Бродский: Не знаю, я в таких не был. Это точно. Но вероятно, что все эти экзотические, да и вообще национальные кухни здесь, в Нью-Йорке, находятся на своем пике. То есть можно предположить, что они на голову выше того, что можно найти в соответствующих метрополиях. За исключением, вероятно, итальянских ресторанов. Французские рестораны здесь есть замечательные, но их недостаток – невероятная дороговизна. И вот приходишь к выводу, что по своей доступности и разнообразию китайская (и, пожалуй, японская) кухни здесь – это гастрономический эквивалент демократии. Именно так.
Волков: Что вы показываете в Нью-Йорке своим приятелям (или приятельницам) из России? Что красивого и что безобразного? Потому что здесь и того и другого навалом.

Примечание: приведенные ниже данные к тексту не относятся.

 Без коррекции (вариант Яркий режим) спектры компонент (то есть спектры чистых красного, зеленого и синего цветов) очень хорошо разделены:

Бродский: Вообще-то я не нахожу безобразным то, что признается за таковое здесь, в Нью-Йорке. Это просто, как я уже говорил, другой эстетический ряд. Поэтому я обязательно показываю Гарлем – в районе 140-х, 150-х улиц и не на западной стороне, а на восточной. Это потрясающее зрелище – Бронкс со всеми этими жуткими разрушенными кварталами. Другой обязательный аттракцион – нью-йоркское метро, причем этим метро нужно пользоваться, ездить в нем и жить, а не просто разок сунуть нос. Тогда метро становится одним из самых примечательных зрелищ в Нью-Йорке. Что еще? Ну, «Серкл Лайн», то есть окружная линия, – пароход, делающий круг вокруг острова Манхэттен.
Волков: А Кони-Айленд? Европейцы считают нужным навестить Кони-Айленд, чтобы порадоваться тому, как разваливается и загнивает Нью-Йорк.

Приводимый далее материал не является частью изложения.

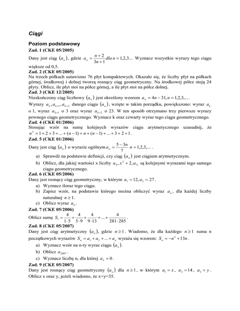 Ciągi Poziom podstawowy Zad. 1 (CKE 05/2005) Dany jest ciąg (a n ) , gdzie a n = n+2 dla n = 1,2,3... Wyznacz wszystkie wyrazy tego ciągu 3n + 1 większe od 0,5. Zad. 2 (CKE 05/2005) Na trzech półkach ustawiono 76 płyt kompaktowych. Okazało się, że liczby płyt na półkach górnej, środkowej i dolnej tworzą rosnący ciąg geometryczny. Na środkowej półce stoją 24 płyty. Oblicz, ile płyt stoi na półce górnej, a ile płyt stoi na półce dolnej. Zad. 3 (CKE 12/2005) Nieskończony ciąg liczbowy (a n ) jest określony wzorem a n = 4n − 31, n = 1,2,3,... . Wyrazy a k , a k +1 , a k + 2 danego ciągu (a n ) , wzięte w takim porządku, powiększono: wyraz a k o 1, wyraz a k +1 o 3 oraz wyraz a k + 2 o 23. W ten sposób otrzymano trzy pierwsze wyrazy pewnego ciągu geometrycznego. Wyznacz k oraz czwarty wyraz tego ciągu geometrycznego. Zad. 4 (CKE 01/2006) Stosując wzór na sumę kolejnych wyrazów ciągu arytmetycznego uzasadnij, że n 2 = 1 + 2 + 3 + ... + (n − 1) + n + (n − 1) + ... + 3 + 2 + 1 . Zad. 5 (CKE 01/2006) 5 − 3n Dany jest ciąg (a n ) o wyrazie ogólnym a n = n = 1,2,3,... . 7 a) Sprawdź na podstawie definicji, czy ciąg (a n ) jest ciągiem arytmetycznym. b) Oblicz, dla jakiej wartości x liczby a 4 , x 2 + 2, a11 są kolejnymi wyrazami tego samego ciągu geometrycznego. Zad. 6 (CKE 05/2006) Dany jest rosnący ciąg geometryczny, w którym a1 = 12, a 3 = 27 . a) Wyznacz iloraz tego ciągu. b) Zapisz wzór, na podstawie którego można obliczyć wyraz a n , dla każdej liczby naturalnej n ≥ 1 . c) Oblicz wyraz a 6 . Zad. 7 (CKE 05/2006) 4 4 4 4 Oblicz sumę S1 = + + + ... + . 1 ⋅ 5 5 ⋅ 9 9 ⋅13 281 ⋅ 285 Zad. 8 (CKE 05/2007) Dany jest ciąg arytmetyczny (a n ) , gdzie n ≥ 1 . Wiadomo, że dla każdego n ≥ 1 suma n początkowych wyrazów S n = a1 + a 2 + ... + a n wyraża się wzorem: S n = −n 2 + 13n . a) Wyznacz wzór na n-ty wyraz ciągu (a n ) . b) Oblicz a 2007 . c) Wyznacz liczbę n, dla której a n = 0 . Zad. 9 (CKE 05/2007) Dany jest rosnący ciąg geometryczny (a n ) dla n ≥ 1 , w którym a1 = x , a 2 = 14 , a3 = y . Oblicz x oraz y, jeżeli wiadomo, że x+y=35. Zad. 10 (CKE 05/2008) 1 Nieskończony ciąg liczbowy (a n ) jest określony wzorem a n = 2 − , n = 1,2,3,... . n a) Oblicz, ile wyrazów ciągu (a n ) jest mniejszych od 1,975. b) Dla pewnej liczby x trzywyrazowy ciąg (a 2 , a7 , , x ) jest arytmetyczny. Oblicz x. Zad. 11 (CKE 05/2009) Dany jest ciąg arytmetyczny (a n ) dla n ≥ 1 , w którym a 7 = 1, a11 = 9 . a) Oblicz pierwszy wyraz a1 i różnicę r ciągu (a n ) . b) Sprawdź, czy ciąg (a7 , a8 , a11 ) jest geometryczny. c) Wyznacz takie n, aby suma n początkowych wyrazów ciągu (a n ) miała wartość najmniejszą. Zad. 12 (CKE 11/2009) n Dla n=1,2,3,… ciąg (a n ) jest określony wzorem: a n = (− 1) ⋅ (3 − n ) . Oblicz a3 . Zad. 13 (CKE 11/2009) W ciągu arytmetycznym trzeci wyraz jest równy 14, a jedenasty jest równy 34. Oblicz różnicę tego ciągu. Zad. 14 (CKE 11/2009) W ciągu geometrycznym (a n ) dane są: a1 = 32 i a 4 = −4 . Oblicz iloraz tego ciągu. Zad. 15 (CKE 11/2009) m +1 m + 3 m + 9 Wykaż, że dla każdego m ciąg , , jest arytmetyczny. 6 12 4 Zad. 16 (CKE 05/2010) W ciągu arytmetycznym (a1 ) dane są a3 = 13 i a5 = 39 . Oblicz a1 . Zad. 17 (CKE 05/2010) W ciągu geometrycznym (a n ) dane są: a1 = 3 i a 4 = 24 . Oblicz iloraz tego ciągu. Zad. 18 (CKE 11/2010) W ciągu geometrycznym (a n ) dane są: a1 = 2 i a2 = 12 . Oblicz a4 . Zad. 19 (CKE 11/2010) W ciągu arytmetycznym a1 = 3 oraz a 20 = 7 . Oblicz S 20 . Zad. 20 (CKE 11/2010) Ciąg (1, x, y − 1) jest arytmetyczny, natomiast ciąg ( x, y,12) jest geometryczny. Oblicz x oraz y i podaj ten ciąg geometryczny. Zad. 21 (CKE 11/2011) 2 Dany jest nieskończony ciąg geometryczny (a n ) , w którym a3 = 1 i a 4 = . Oblicz a1 . 3 Zad. 22 (CKE 05/2011) Liczby x, y, 19 w podanej kolejności tworzą ciąg arytmetyczny, przy czym x+y=8. Oblicz x i y. Zad. 23 (CKE 05/2012) Miary kątów czworokąta tworzą ciąg arytmetyczny o różnicy 20 0 . Oblicz miarę najmniejszego kąta tego czworokąta. Zad. 24 (CKE 05/2012) n 2−n Dany jest ciąg (a n ) określony wzorem a n = (− 1) ⋅ 2 dla n ≥ 1 . Oblicz a5 . n Zad. 25 (CKE 05/2012) Ciąg (9,x,19) jest arytmetyczny, a ciąg (x,42,y,z) jest geometryczny. Oblicz x, y oraz z. Zad. 26 (CKE 06/2012) Ciąg (a n ) jest określony wzorem a n = 2n + 4 dla n ≥ 1 . Oblicz (a8 ) . Zad. 27 (CKE 06/2012) Ciąg 2 2 ,4, a jest geometryczny. Wyznacz a. Zad. 28 (CKE 06/2012) Suma S n = a1 + a 2 + ... + a n początkowych n wyrazów pewnego ciągu arytmetycznego (a n ) ( ) jest określona wzorem S n = n 2 − 2n dla n ≥ 1 . Wyznacz wzór na n-ty wyraz tego ciągu. Poziom rozszerzony Zad. 1 (CKE 01/2006) Dany jest ciąg trójkątów równobocznych takich, że bok następnego trójkąta jest wysokością poprzedniego. Oblicz sumę pól wszystkich tak utworzonych trójkątów, przyjmując, że bok pierwszego trójkąta ma długość a (a>0). Zad. 2 (CKE 11/2006) Ciąg liczbowy (a n ) jest określony dla każdej liczby naturalnej n ≥ 1 wzorem ( ) a n = (n − 3) 2 − p 2 , gdzie p ∈ R . a) Wykaż, że dla każdej wartości p ciąg (a n ) jest arytmetyczny. b) Dla p=2 oblicz sumę a 20 + a 21 + a 22 + ... + a 40 . c) Wyznacz wszystkie wartości p, dla których ciąg (bn ) określony wzorem bn = a n − pn jest stały. Zad. 3 (CKE 05/2008) Udowodnij, że jeżeli ciąg (a,b,c) jest jednocześnie arytmetyczny i geometryczny, to a=b=c. Zad. 4 (CKE 05/2009) W skarbcu królewskim było k monet. Pierwszego dnia rano skarbnik dorzucił 25 monet, a każdego następnego ranka dorzucał o 2 monety więcej niż dnia poprzedniego. Jednocześnie ze skarbca król zabierał w południe każdego dnia 50 monet. Oblicz najmniejszą liczbę k, dla której w każdym dniu w skarbcu była co najmniej jedna moneta, a następnie dla tej wartości k oblicz, w którym dniu w skarbcu była najmniejsza liczba monet. Zad

Бродский: Нет, это неинтересно. Это – ЦПКиО. А вот в Чайнатаун сходить действительно чрезвычайно занимательно. Затем южная оконечность Манхэттена, район Уолл-стрит. Это качественно иное явление, иной принцип в смысле архитектуры. Я помню, моя приятельница приехала первый раз в Нью-Йорк – из Англии. Ну это все равно что из России, то же самое. И я повел ее в район Уолл-стрит, часов в семь-восемь вечера, когда все там пустеет, смотреть на небоскребы. И она сказала по поводу этих небоскребов любопытную вещь. Дескать, все это замечательно тем, что здания эти сообщают тебе твой подлинный масштаб. Потому что в Европе масштаб не тот. Там здания если и не нормальной пропорции, то все же находятся более или менее под контролем твоего воображения. В Нью-Йорке же и пропорции, и воображение твое абсолютно отметаются в сторону, как не имеющие никакого отношения к реальности.
Волков: А с вами за время житья здесь приключались какие-нибудь специфически нью-йоркские истории?
Бродский: Нет, просто попадаешь время от времени примерно в те же катастрофические ситуации, что и в отечестве. А так ничего особенного не происходило. Но я помню, как мне приснился первый стопроцентно нью-йоркский, как мне представляется, сон. Приснилось, что мне нужно отсюда, из Гринвич-виллиджа, отправиться куда-то на 120-ю или 130-ю улицу. И для этого мне надо сесть на метро. А когда я подхожу к метро, то вдруг вижу, что весь этот Бродвей – то есть отсюда до, скажем, Гарлема или даже дальше – поднимается и становится вертикально! То есть вся эта длинная улица внезапно превратилась в жуткий небоскреб. И поэтому метро перестает быть метро, а становится лифтом. И я поднимаюсь куда-то, ощущая при этом, что Бродвей становится на попа! Это было потрясающее ощущение! Вероятно, тут была какая-то эротика. И, доехав таким образом до 120-й улицы, я выхожу из лифта на перекресток, как на лестничную площадку. Это был совершенно новый для меня масштаб сна.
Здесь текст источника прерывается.